Thu. Dec 1st, 2022

Italy’s new government, led by Prime Minister Giorgio Meloni, signed a new budget on Tuesday with a 35 billion euro spending plan and fiscal policies that appear to be intended to avoid a collision with Brussels.

The recently appointed prime minister hopes the spending boost will spur a faster recovery in the eurozone’s third-largest economy, which the Finance Ministry has predicted will shrink in the current quarter and the first quarter of next year.

The new budget plans were approved at 12:30 a.m. Tuesday by Melonia’s cabinet after a three-hour conference, her office said. The law will now be put to a vote in parliament, which must adopt it before the end of the year.

Part of the budget plans include a tax cut for the self-employed by increasing the single tax rate of 15% from an annual income of €65,000 to €85,000, cutting VAT on certain basic goods by half and conditionally lowering the retirement age to 62, provided that individuals have paid contributions for at least 41 years.

Tackling skyrocketing energy prices was high on Meloni’s list of priorities during the election campaign, and is indeed the centerpiece of the package. Next year, it allocates more than 21 billion euros to help companies and households pay their bills.

The plan further limits the “reddito di cittadinanza” (‘citizen’s income’) poverty reduction scheme, which has been heavily supported by the populist Five Star Movement party, with the aim of ending it entirely by 2024. Meloni and others in her coalition have often criticized the program, comparing him with “methadone”, a popular painkiller, and accusing him of encouraging laziness.

Among the more controversial budget measures are plans to restart a state-owned company aiming to build a bridge between Sicily and the Italian mainland — a long-standing right-wing aspiration rejected by parliament 16 years ago — as well as an amnesty for tax debts of up to €1,000 from before 2016 Critics argue that such amnesties, which are not uncommon in Italy, encourage people not to pay taxes

The measures amount to almost 35 billion euros, and Rome plans to finance about 60% of the package by increasing the budget deficit for next year to 4.5% of gross domestic product (GDP) from the 3.4% forecast in September, as well as from the windfall tax on energy companies .

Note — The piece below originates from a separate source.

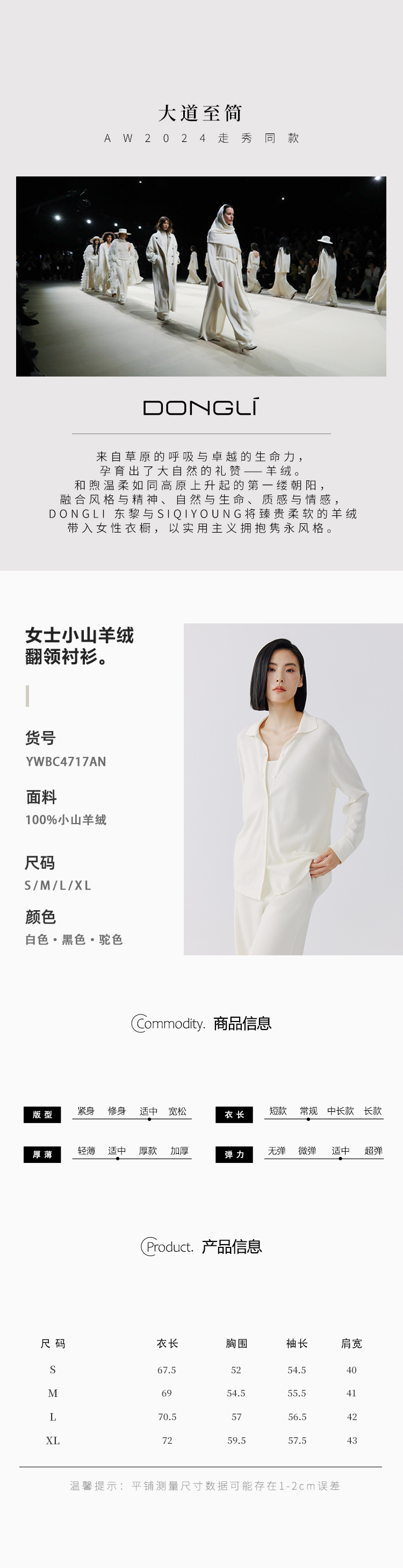 东黎 •小山羊绒女士秋冬翻领衬衫 4717
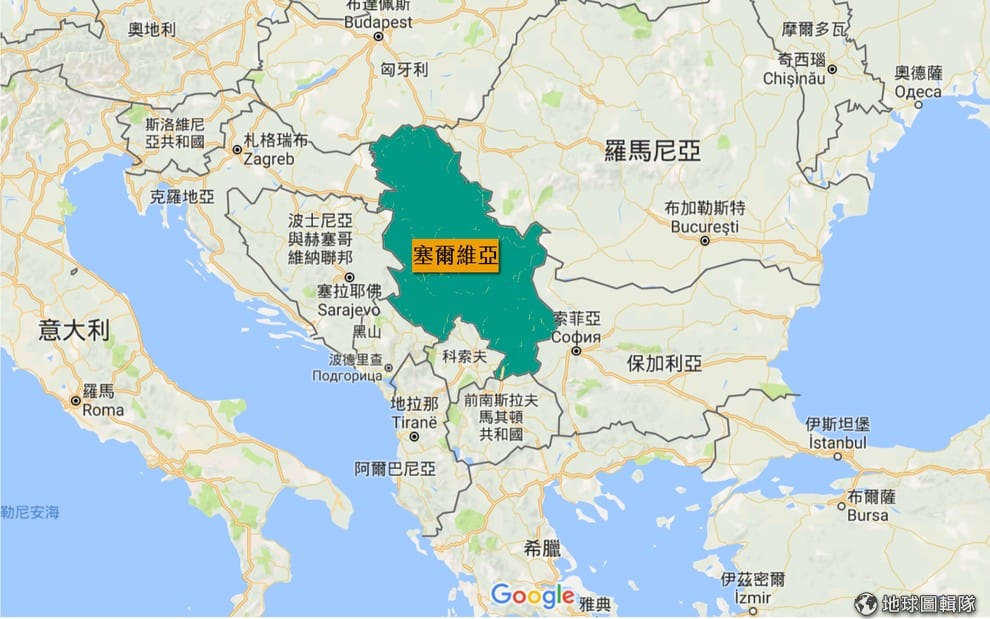圖中綠色的部分即為塞爾維亞,相較來說,巴爾幹地區的國家對同志並不友善,因此任命布納比奇可說具有重要意義。

Such a budget deficit figure could be above the traditional EU deficit ceiling of 3%, but it does not seem too outlandish for a high-debt country and should allow the spread between Italian and German 10-year government bonds to remain close to the current 190 basis points – – far below the peak of the crisis in the eurozone.

While Meloni’s election raised eyebrows in the EU institutions — the prime minister is often described as a “Eurosceptic” thug, a label she rejected in an interview with Euronews earlier this year — some concerns may have been eased now that her a government willing to rein in its spending plans and align itself with a more Brussels-friendly line.